Arkansas' Diversification Blunts Effects of U.S. Recession

by Mark Hengel  on Monday, Jan. 19, 2009 12:00 am  

The Natural State has many industries that will struggle as the recession deepens. Trucking is a strong sector in Arkansas, DeVol said. As manufacturing, exports and imports decline nationwide, fewer rigs will need to ship goods from place to place, which could affect Arkansas companies like J.B. Hunt Transportation Services Inc. and USA Truck Inc.

Arkansas' manufacturing sector, even the makers of basic goods, might also feel the economy's downturn soon, said John Shelnutt, an economist at the Arkansas Department of Finance & Administration.

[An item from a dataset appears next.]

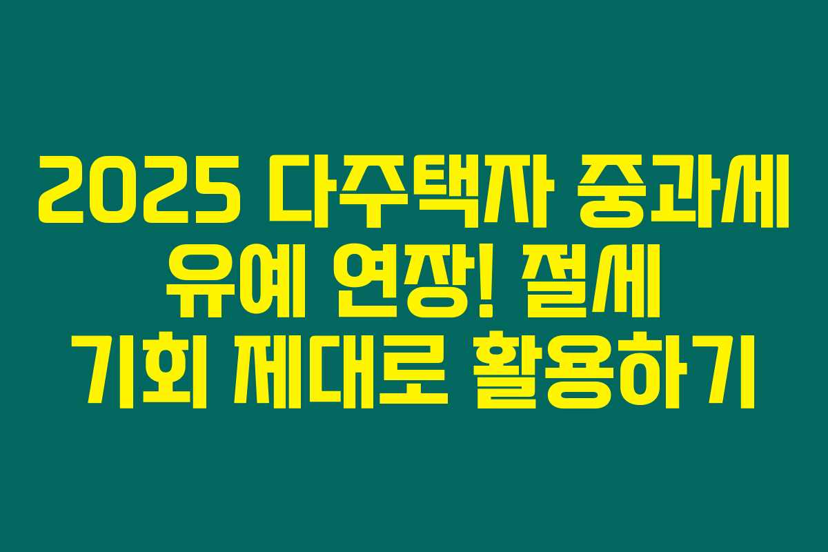 제가 직접 체크해본 바로는 정부가 2026년 5월까지 다주택자에게 양도소득세 중과세 유예 조치를 연장하면서 절세의 기회를 제공하고 있습니다. 다주택자들은 이 시기를 적절히 활용하여 세금 부담을 덜 수 있는 전략을 취할 수 있습니다. 아래를 읽어보시면, 적용 대상과 절차, 그리고 효과적인 절세 전략을 제시합니다.
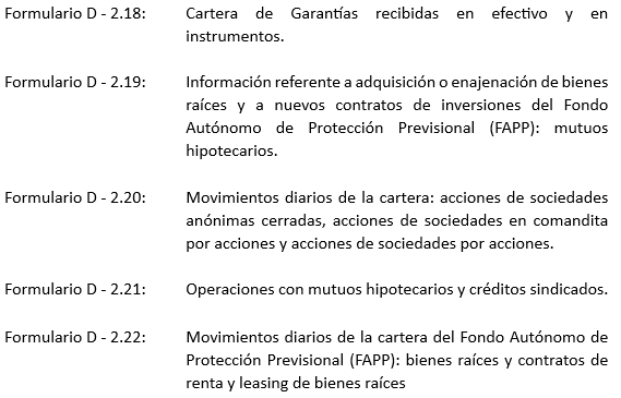 El informe diario está compuesto por un conjunto de datos codificados que deben ser proporcionados a la Superintendencia de Pensiones, a través de los siguientes formularios electrónicos, los que se adjuntan en el Anexo N° 1 de este Título:

"Manufacturing and goods-producing sectors tend to be more volatile than others – or, to say it a different way, more volatile than service sectors," he said.

As consumers spend less money, Arkansas' manufacturers might begin to slow production, affecting workers' hours, he said.

The state might be better placed than others to rebound from a slowdown, though, Shelnutt said. Construction in Arkansas, as a whole, never experienced the growth of other states, meaning Arkansas does not have as much excess housing and commercial real estate. Northwest Arkansas is an exception to that general rule, because it did experience a boomtown surge in construction in the first half of the decade.

DeVol, of the Milken Institute, said the state's construction sector accounted for only about 4.7 percent of the state's total employment during recent years. In Florida, a state straining under the housing bust, construction grew to about 11 percent of total employment, he said.

New economic development announcements have also brought better-paying jobs to the state. The jobs could position Arkansas to take better advantage of an economic recovery, Shelnutt said.

The Current Transition

The state's current emphasis on cultivating a "knowledge-based economy" comes with its own risks, however, Hamilton said. Such an economy will put Arkansas more in line with the national economy, whereas the state has remained relatively self-sufficient since World War II, he said.

"If we become more involved in the national economy, that would lead to more specialization, which would cause more specific industry risk," Hamilton said.

Arkansas is developing previously underrepresented sectors, Deck said. Big-ticket attractions like the William J. Clinton Presidential Library in Little Rock and Crystal Bridges Museum of American Art in Bentonville, scheduled to open next year, are helping grow the state's leisure and hospitality sector at the same time that sector has contracted nationally.

Lagging behind the country has its pluses, too, Deck said. Investment here and there can spur rapid growth in Arkansas compared with similar investments in other, more developed regions of the country. Investing in improving work force education can help bring education levels to the national average, attracting jobs to the state.